Among the records below, find the line that has "နိုင်ငံတော်သမ္မတ ဦးမင်းအောင်လှိုင် ကမ္ဘာ့အသေးစား၊"; from there, give the lines again exactly, and stop after the line that has "သွင်းအားစုများဖြစ်သည့် စက်သုံးဆီ၊ လှုပ်စစ်မီး၊".

*** Opening of Records shown ***

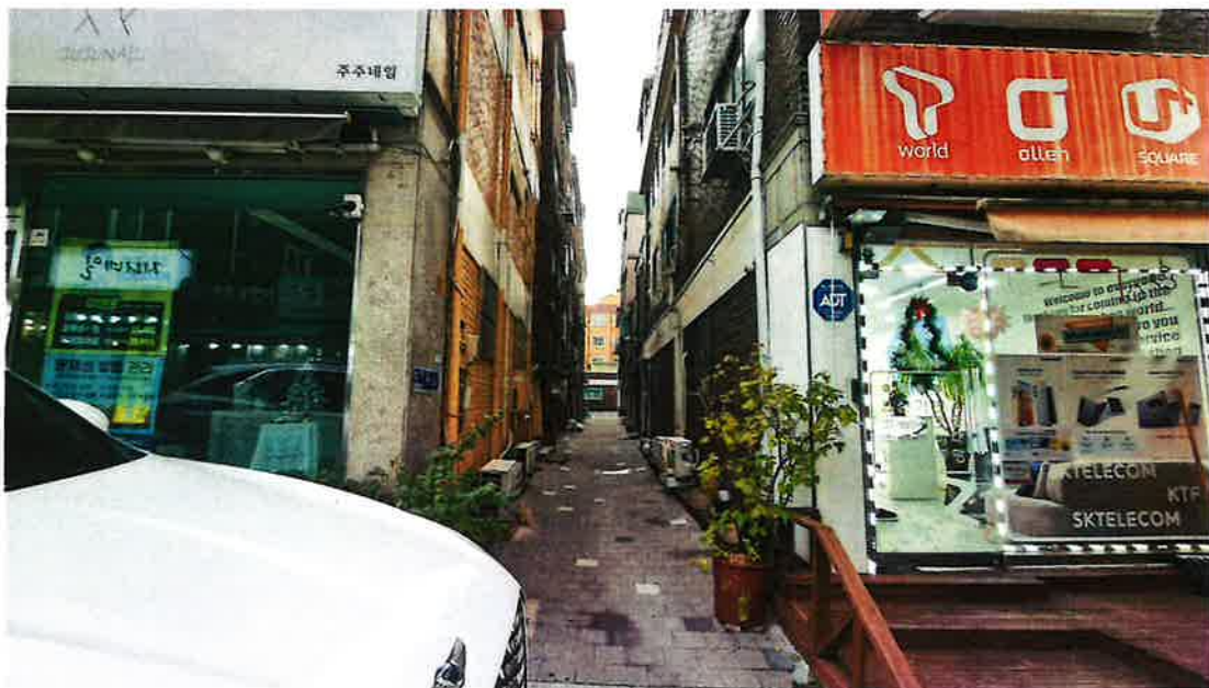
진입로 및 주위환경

*** Close of Records shown ***
*** Opening of Records shown ***

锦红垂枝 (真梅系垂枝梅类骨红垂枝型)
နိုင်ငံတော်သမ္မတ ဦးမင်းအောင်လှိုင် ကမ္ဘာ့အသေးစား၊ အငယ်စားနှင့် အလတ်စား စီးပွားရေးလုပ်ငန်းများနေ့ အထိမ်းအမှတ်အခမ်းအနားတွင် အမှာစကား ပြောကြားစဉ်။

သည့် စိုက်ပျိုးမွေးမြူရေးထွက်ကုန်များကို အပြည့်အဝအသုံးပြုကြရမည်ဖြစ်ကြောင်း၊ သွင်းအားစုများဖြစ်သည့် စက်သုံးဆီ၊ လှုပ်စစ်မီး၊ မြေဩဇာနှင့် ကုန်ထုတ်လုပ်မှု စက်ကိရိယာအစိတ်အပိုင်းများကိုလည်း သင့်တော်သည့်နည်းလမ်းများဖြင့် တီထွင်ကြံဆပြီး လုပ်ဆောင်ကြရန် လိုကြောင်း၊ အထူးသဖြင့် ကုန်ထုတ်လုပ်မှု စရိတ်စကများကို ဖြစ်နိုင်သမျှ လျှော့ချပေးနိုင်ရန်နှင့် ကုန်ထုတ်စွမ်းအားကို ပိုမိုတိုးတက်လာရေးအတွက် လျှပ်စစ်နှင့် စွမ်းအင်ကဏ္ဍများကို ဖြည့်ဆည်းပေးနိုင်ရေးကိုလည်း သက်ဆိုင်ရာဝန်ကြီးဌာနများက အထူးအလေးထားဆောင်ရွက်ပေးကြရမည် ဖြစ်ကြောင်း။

*** Close of Records shown ***

Exercise solution:
နိုင်ငံတော်သမ္မတ ဦးမင်းအောင်လှိုင် ကမ္ဘာ့အသေးစား၊ အငယ်စားနှင့် အလတ်စား စီးပွားရေးလုပ်ငန်းများနေ့ အထိမ်းအမှတ်အခမ်းအနားတွင် အမှာစကား ပြောကြားစဉ်။

သည့် စိုက်ပျိုးမွေးမြူရေးထွက်ကုန်များကို အပြည့်အဝအသုံးပြုကြရမည်ဖြစ်ကြောင်း၊ သွင်းအားစုများဖြစ်သည့် စက်သုံးဆီ၊ လှုပ်စစ်မီး၊ မြေဩဇာနှင့် ကုန်ထုတ်လုပ်မှု စက်ကိရိယာအစိတ်အပိုင်းများကိုလည်း သင့်တော်သည့်နည်းလမ်းများဖြင့် တီထွင်ကြံဆပြီး လုပ်ဆောင်ကြရန် လိုကြောင်း၊ အထူးသဖြင့် ကုန်ထုတ်လုပ်မှု စရိတ်စကများကို ဖြစ်နိုင်သမျှ လျှော့ချပေးနိုင်ရန်နှင့် ကုန်ထုတ်စွမ်းအားကို ပိုမိုတိုးတက်လာရေးအတွက် လျှပ်စစ်နှင့် စွမ်းအင်ကဏ္ဍများကို ဖြည့်ဆည်းပေးနိုင်ရေးကိုလည်း သက်ဆိုင်ရာဝန်ကြီးဌာနများက အထူးအလေးထားဆောင်ရွက်ပေးကြရမည် ဖြစ်ကြောင်း။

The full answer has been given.